*** Block opens ***

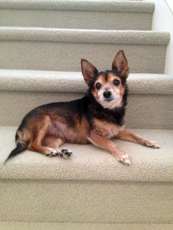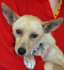 Twiggy is an adorable 7 month old Chihuahua mix and weighs about 6 lbs. She is very sweet and submissive, and loves to curl up on the couch next to you. Twiggy is good in the car, walks well on a leash and is almost housebroken. She is calm and quiet at home and does not chew on furniture. Twiggy is friendly with everyone; people, dogs, and cats. Because of her small size she would do best in a home with children over the age of 10.
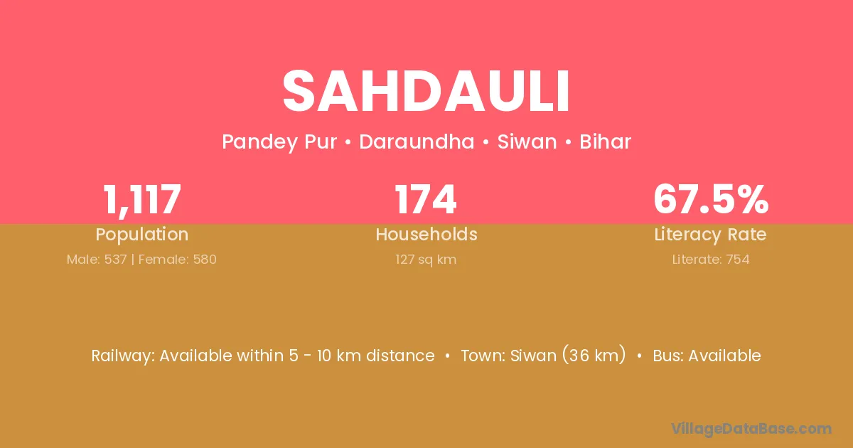 Siwan (36 km) is the nearest town to Sahdauli village for major economic activities and is located approximately 36 km away.
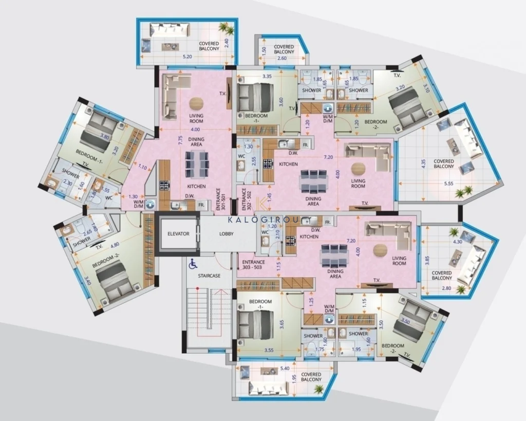 The project will compose of twenty spacious apartments. All energy efficient luxury apartments are designed to have large living areas and balconies along with large bedrooms including en –suite shower rooms and walk-in wardrobes. At the first and second floor will be six apartments of one bedroom and one apartment with 2 bedrooms. From third to sixth floor will be three apartments with 2 bedrooms and 2 bathrooms. The three sixth floor apartments of the project will have a private and luxurious penthouse with α magical panoramic view.

*** Block closes ***

> _Your assignment_:
Set down the whole listing exactly as given, except for the pictures.

> _Your response_:
 Twiggy is an adorable 7 month old Chihuahua mix and weighs about 6 lbs. She is very sweet and submissive, and loves to curl up on the couch next to you. Twiggy is good in the car, walks well on a leash and is almost housebroken. She is calm and quiet at home and does not chew on furniture. Twiggy is friendly with everyone; people, dogs, and cats. Because of her small size she would do best in a home with children over the age of 10.
 Siwan (36 km) is the nearest town to Sahdauli village for major economic activities and is located approximately 36 km away.
 The project will compose of twenty spacious apartments. All energy efficient luxury apartments are designed to have large living areas and balconies along with large bedrooms including en –suite shower rooms and walk-in wardrobes. At the first and second floor will be six apartments of one bedroom and one apartment with 2 bedrooms. From third to sixth floor will be three apartments with 2 bedrooms and 2 bathrooms. The three sixth floor apartments of the project will have a private and luxurious penthouse with α magical panoramic view.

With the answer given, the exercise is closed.